[Data extracted from a collection]
.....
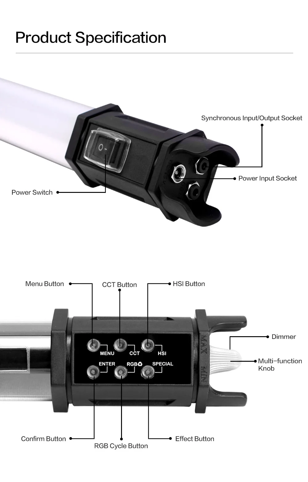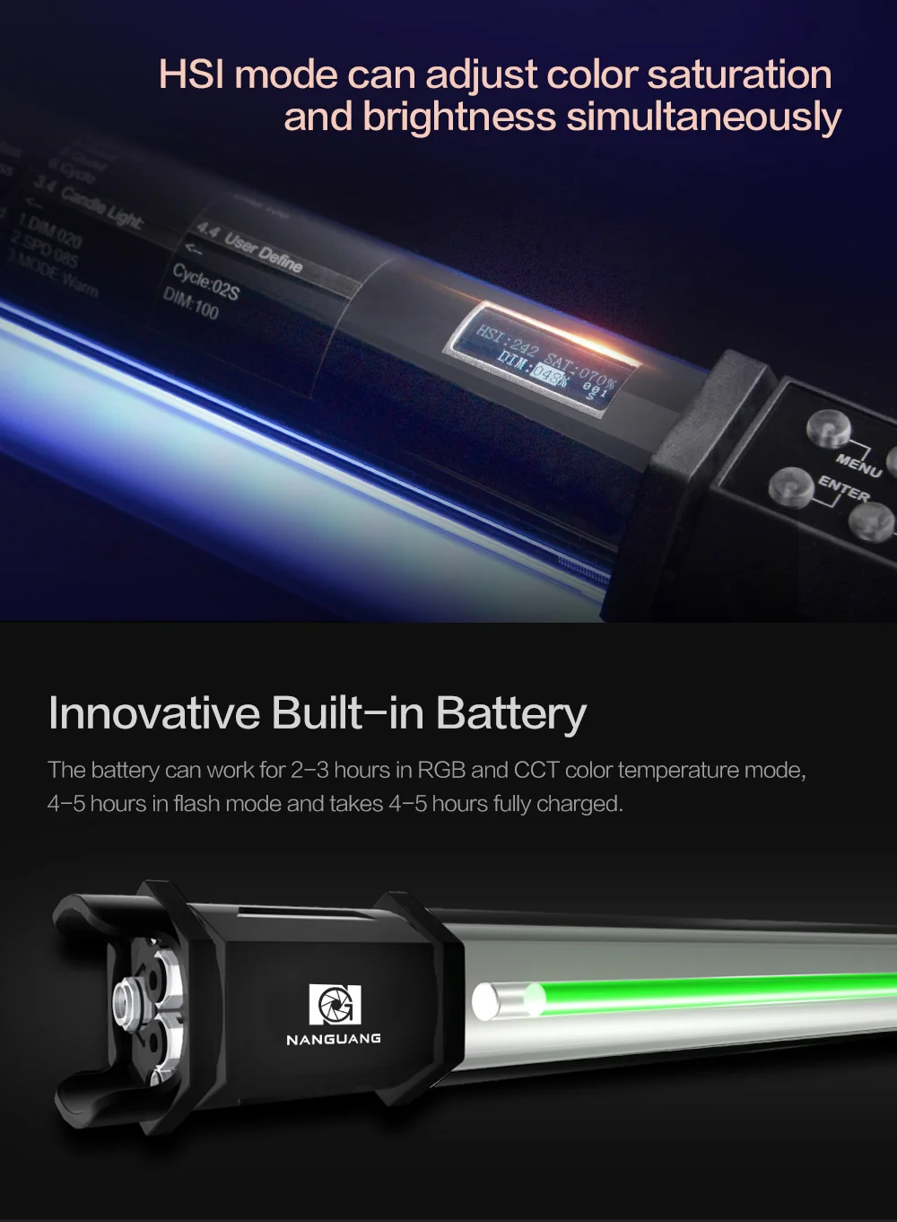 NanGuang 77 см/117 см светодиодный ламповый светильник RGB Цвет 2700K-6500K фотографии светильник ручной светильник палка ручной стабилизатор для фото видео фильм Vlog Особенности: 1. Широкий диапазон CCT(2700K - 6500K) Светодиодный светильник, широкий диапазон CCT от 2700K tungsten до 6500K в качестве ключа, заполняющий или ободной светильник для пленки, радиовещания или фотографии. 2.RGB + W (полный спектр) Это не только RGB, вы можете настроить насыщность цвета, чтобы реализовать полный спектр и выбрать почти любой цвет в видимом спектре. 3. Спецэффектов Вам не нужно будет носить дополнительные средства, чтобы улучшить видео с захватывающими кинематографическими эффектами. Трубчатые светильники имеют некоторые популярные спецэффектов, такие как шторм, свеча, вспышка, полиция и SOS. В то же время RGB cycle сделает ваши фотографии или видео более креативными и свободными. 4.Master-slave Поставляется со специальным контролем подчиненных, что обеспечивает вам еще один простой способ Соединяйте 10 осветительных приборов одновременно, легко использовать в студии и на месте. 5. Встроенный аккумулятор Встроенный аккумулятор может служить от 2-3 часов, свободно использовать светильник RGB в студии или на улице. 6. Несколько вариантов управления На ваш выбор есть Wi-Fi, 2,4G, управление через приложение и интерфейс для ручного меню. (беспроводное управление должно работать с коробкой для Wi-Fi в стиле «CN-W2») Пожалуйста, имейте в виду: 2,4g, приложение Wi-Fi управление нуждается в работе с CN-W2 Wi-Fi контроллер коробки Нажмите здесь, чтобы купить коробку с контроллером Wi-Fi в стиле «CN-W2»
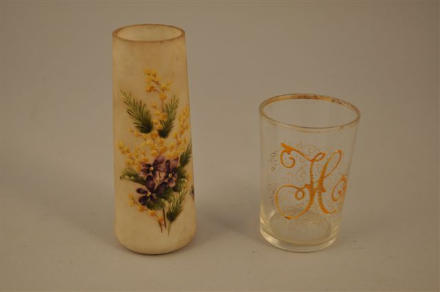VERRE de BAPTÊME émaillé d'un "H", Haut. 7,5 cm (éclats) et un VASE SOLIFLORE en verre opalin à décor peint de violettes et de mimosas. Marqué "Valence". Haut. 12 cm.
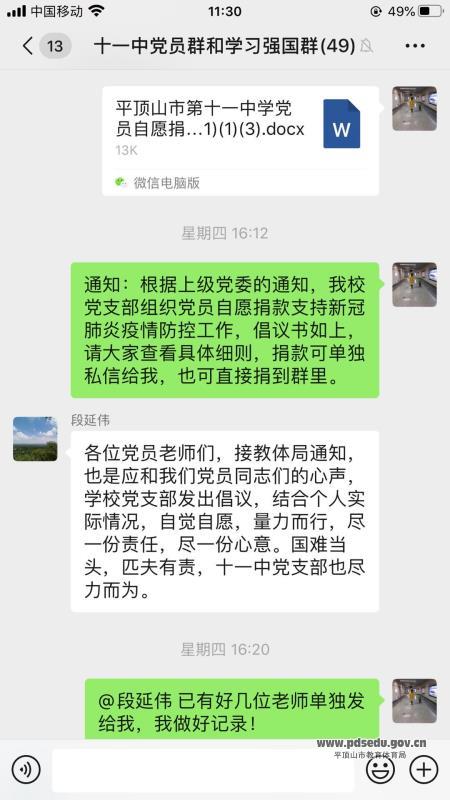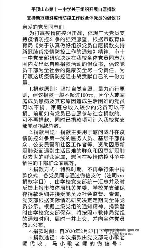 为打赢疫情防控阻击战,市十一中充分发扬“一方有难、八方支援”的优良传统,2月27日下午,市十一中党支部研究决定在全体党员范围内发出此自愿捐款活动的倡议书,倡议党员干部为全社会的健康安全尽一份责任,为打赢这场疫情防控阻击战贡献自己的一份力量。
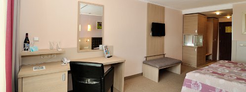 Dotari camera: baie, WC, telefon, radio, televizor cu program prin satelit, aer conditionat si posibilitate de instalare a celui de-al treilea pat.
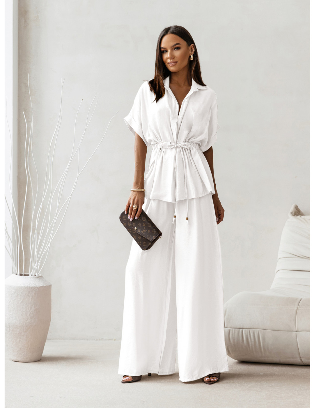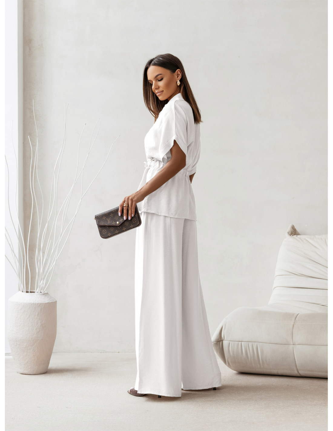 Stylowy komplet z szerokimi spodniami VELENA - biały
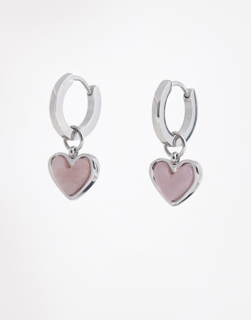 Abbott Lyon - Sølvfarvede tætsiddende hoop-øreringe med lyserødt opalhjerte
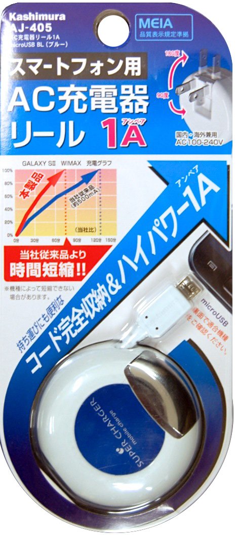 KASHIMURA AC charger reel 1A micro USB black AJ-405
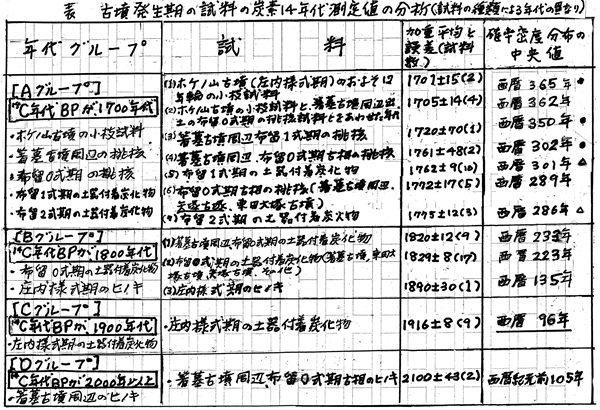 「振り返ってみれば、歴博が炭素14年を利用して、弥生時代遡上論を展開し始めたころには、すでに、本川遺跡や朝日・八王子遺跡で土器付着物が著しく古く出ている現象が報告されていた。それなのに学会での十分な討論も経ずに、新聞発表を行ない、さらには西田氏の貴重な指摘があったにもかかわらず、それを無視して今日を迎えてしまった。」
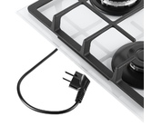 Тип панели: газовая. Установка рабочей поверхности: независимая. Материал поверхности: закаленное стекло. Материал решетки: чугун. Заводская настройка на газ: 20. Суммарная мощность газовых конфорок: 7.9. Минимальная толщина столешницы: 30. Цвет: белый. Конфорка ВОК: есть. Вес (нетто): 9. Газ-контроль: есть. Габариты упаковки (ед) ДхШхВ: 0.645x0.55x0.16. Вес упаковки (ед): 9.5. Страна производства: Китай. Длина сетевого шнура: 0.95. Настроенный вид газа: природный (метан). Общее количество конфорок: 4. Расположение панели управления: спереди/сбоку. Управление: механическое. Электроподжиг: в ручке (автоматический). Гарантия: 24 мес.. Левая ближняя конфорка: газовая, мощность 3.4 кВт, размер 127 мм, трехконтурная. Левая дальняя конфорка: газовая, мощность 1.75 кВт, размер 98 мм, одноконтурная. Размеры (ШхГхВ): 590х510х52 мм. Размеры ниши для встраивания (ШхГхВ): 560х480х30 мм. Правая ближняя конфорка: газовая, мощность 1 кВт, размер 74 мм, одноконтурная. Правая дальняя конфорка: газовая, мощность 1.75 кВт, разм
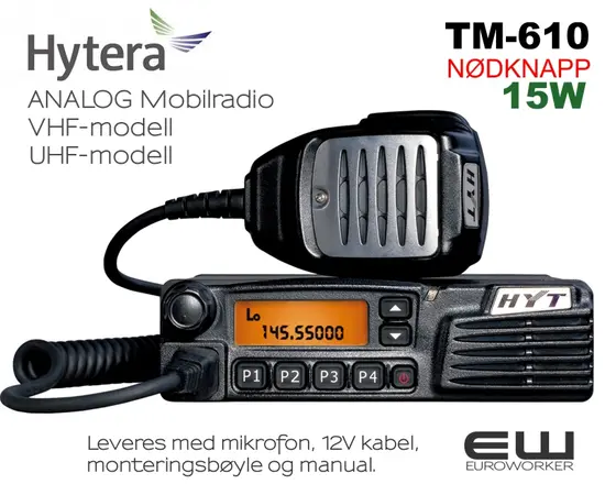 HYT TM-610 leveres med mikrofon, 12V kabel, monteringsbøyle og manual.
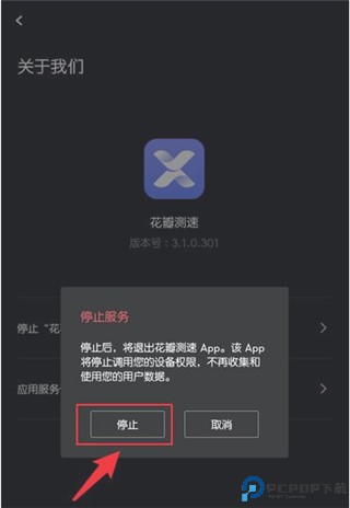 2、接着点击【停止“花瓣测速”服务】,如图所示;
.....
**Required action:** Word-for-word repeat, images excluded: return all the data.

**Written solution:**
 NanGuang 77 см/117 см светодиодный ламповый светильник RGB Цвет 2700K-6500K фотографии светильник ручной светильник палка ручной стабилизатор для фото видео фильм Vlog Особенности: 1. Широкий диапазон CCT(2700K - 6500K) Светодиодный светильник, широкий диапазон CCT от 2700K tungsten до 6500K в качестве ключа, заполняющий или ободной светильник для пленки, радиовещания или фотографии. 2.RGB + W (полный спектр) Это не только RGB, вы можете настроить насыщность цвета, чтобы реализовать полный спектр и выбрать почти любой цвет в видимом спектре. 3. Спецэффектов Вам не нужно будет носить дополнительные средства, чтобы улучшить видео с захватывающими кинематографическими эффектами. Трубчатые светильники имеют некоторые популярные спецэффектов, такие как шторм, свеча, вспышка, полиция и SOS. В то же время RGB cycle сделает ваши фотографии или видео более креативными и свободными. 4.Master-slave Поставляется со специальным контролем подчиненных, что обеспечивает вам еще один простой способ Соединяйте 10 осветительных приборов одновременно, легко использовать в студии и на месте. 5. Встроенный аккумулятор Встроенный аккумулятор может служить от 2-3 часов, свободно использовать светильник RGB в студии или на улице. 6. Несколько вариантов управления На ваш выбор есть Wi-Fi, 2,4G, управление через приложение и интерфейс для ручного меню. (беспроводное управление должно работать с коробкой для Wi-Fi в стиле «CN-W2») Пожалуйста, имейте в виду: 2,4g, приложение Wi-Fi управление нуждается в работе с CN-W2 Wi-Fi контроллер коробки Нажмите здесь, чтобы купить коробку с контроллером Wi-Fi в стиле «CN-W2»
VERRE de BAPTÊME émaillé d'un "H", Haut. 7,5 cm (éclats) et un VASE SOLIFLORE en verre opalin à décor peint de violettes et de mimosas. Marqué "Valence". Haut. 12 cm.
 为打赢疫情防控阻击战,市十一中充分发扬“一方有难、八方支援”的优良传统,2月27日下午,市十一中党支部研究决定在全体党员范围内发出此自愿捐款活动的倡议书,倡议党员干部为全社会的健康安全尽一份责任,为打赢这场疫情防控阻击战贡献自己的一份力量。
 Dotari camera: baie, WC, telefon, radio, televizor cu program prin satelit, aer conditionat si posibilitate de instalare a celui de-al treilea pat.
 Stylowy komplet z szerokimi spodniami VELENA - biały
 Abbott Lyon - Sølvfarvede tætsiddende hoop-øreringe med lyserødt opalhjerte
 KASHIMURA AC charger reel 1A micro USB black AJ-405
 「振り返ってみれば、歴博が炭素14年を利用して、弥生時代遡上論を展開し始めたころには、すでに、本川遺跡や朝日・八王子遺跡で土器付着物が著しく古く出ている現象が報告されていた。それなのに学会での十分な討論も経ずに、新聞発表を行ない、さらには西田氏の貴重な指摘があったにもかかわらず、それを無視して今日を迎えてしまった。」
 Тип панели: газовая. Установка рабочей поверхности: независимая. Материал поверхности: закаленное стекло. Материал решетки: чугун. Заводская настройка на газ: 20. Суммарная мощность газовых конфорок: 7.9. Минимальная толщина столешницы: 30. Цвет: белый. Конфорка ВОК: есть. Вес (нетто): 9. Газ-контроль: есть. Габариты упаковки (ед) ДхШхВ: 0.645x0.55x0.16. Вес упаковки (ед): 9.5. Страна производства: Китай. Длина сетевого шнура: 0.95. Настроенный вид газа: природный (метан). Общее количество конфорок: 4. Расположение панели управления: спереди/сбоку. Управление: механическое. Электроподжиг: в ручке (автоматический). Гарантия: 24 мес.. Левая ближняя конфорка: газовая, мощность 3.4 кВт, размер 127 мм, трехконтурная. Левая дальняя конфорка: газовая, мощность 1.75 кВт, размер 98 мм, одноконтурная. Размеры (ШхГхВ): 590х510х52 мм. Размеры ниши для встраивания (ШхГхВ): 560х480х30 мм. Правая ближняя конфорка: газовая, мощность 1 кВт, размер 74 мм, одноконтурная. Правая дальняя конфорка: газовая, мощность 1.75 кВт, разм
 HYT TM-610 leveres med mikrofon, 12V kabel, monteringsbøyle og manual.
 2、接着点击【停止“花瓣测速”服务】,如图所示;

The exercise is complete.